- DATA EXTRACTS:
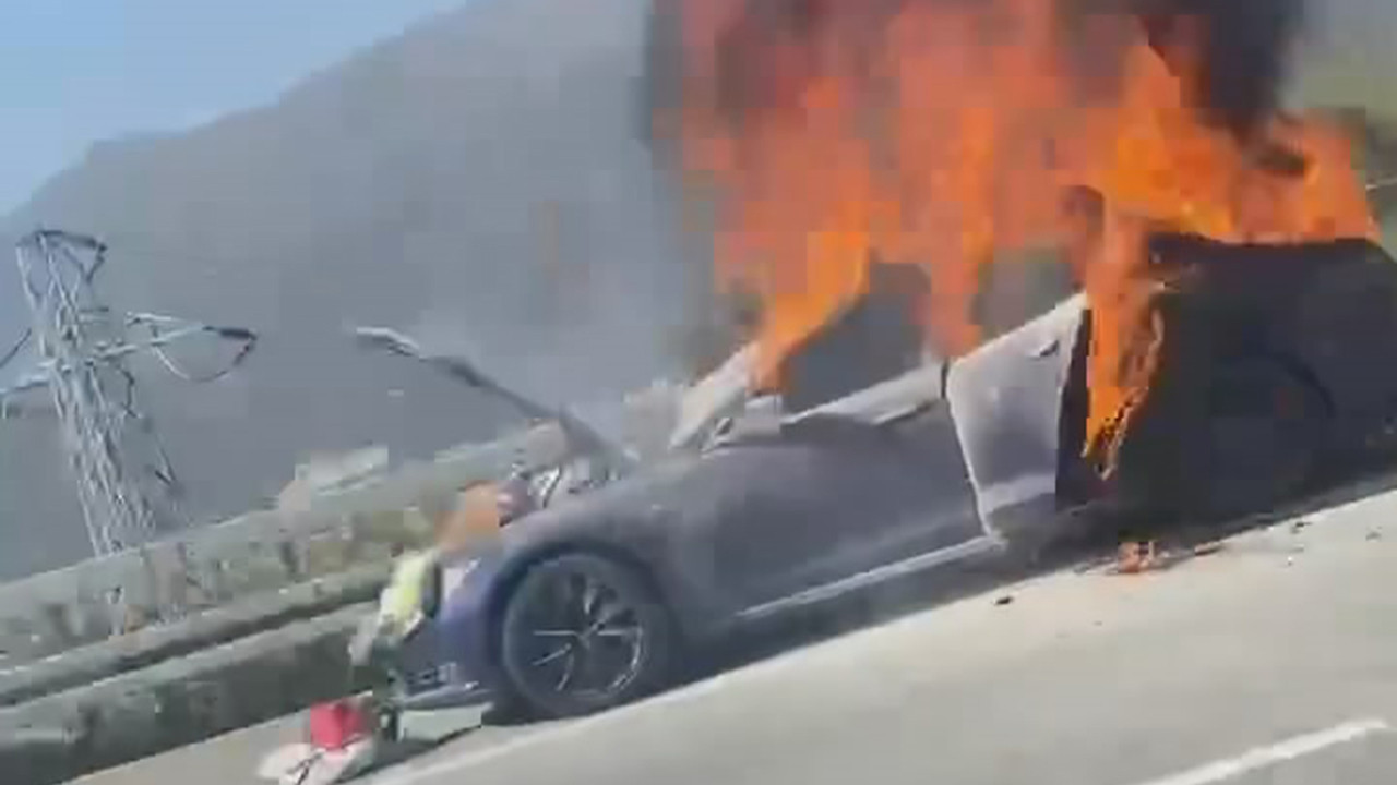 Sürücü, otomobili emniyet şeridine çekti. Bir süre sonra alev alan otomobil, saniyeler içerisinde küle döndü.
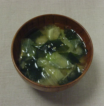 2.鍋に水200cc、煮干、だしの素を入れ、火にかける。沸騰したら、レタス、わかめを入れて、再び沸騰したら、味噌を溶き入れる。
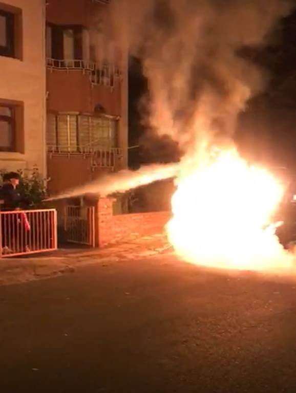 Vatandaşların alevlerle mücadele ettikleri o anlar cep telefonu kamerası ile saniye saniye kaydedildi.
--
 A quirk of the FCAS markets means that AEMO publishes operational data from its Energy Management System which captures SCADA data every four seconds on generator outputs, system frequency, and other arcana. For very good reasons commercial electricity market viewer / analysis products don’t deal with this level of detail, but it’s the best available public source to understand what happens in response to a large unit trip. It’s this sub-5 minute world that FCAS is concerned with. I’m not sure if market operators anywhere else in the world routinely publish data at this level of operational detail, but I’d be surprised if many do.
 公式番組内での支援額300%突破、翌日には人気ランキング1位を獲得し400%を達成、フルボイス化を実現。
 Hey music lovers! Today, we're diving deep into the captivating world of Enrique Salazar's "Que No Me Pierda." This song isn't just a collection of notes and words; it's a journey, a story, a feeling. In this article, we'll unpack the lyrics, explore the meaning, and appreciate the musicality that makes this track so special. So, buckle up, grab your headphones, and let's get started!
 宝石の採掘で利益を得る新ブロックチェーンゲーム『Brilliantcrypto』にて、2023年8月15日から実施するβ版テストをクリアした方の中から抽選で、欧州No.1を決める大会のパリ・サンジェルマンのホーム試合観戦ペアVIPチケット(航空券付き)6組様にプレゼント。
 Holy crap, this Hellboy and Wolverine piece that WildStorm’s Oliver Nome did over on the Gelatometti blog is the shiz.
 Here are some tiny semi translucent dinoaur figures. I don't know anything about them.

- ACTION ITEM: Print nothing but the lines above starting with the line that contains "2.鍋に水200cc、煮干、" and going on through the line that contains "Vatandaşların alevlerle mücadele". Leave out the pictures.

- OUTPUT:
 2.鍋に水200cc、煮干、だしの素を入れ、火にかける。沸騰したら、レタス、わかめを入れて、再び沸騰したら、味噌を溶き入れる。
 Vatandaşların alevlerle mücadele ettikleri o anlar cep telefonu kamerası ile saniye saniye kaydedildi.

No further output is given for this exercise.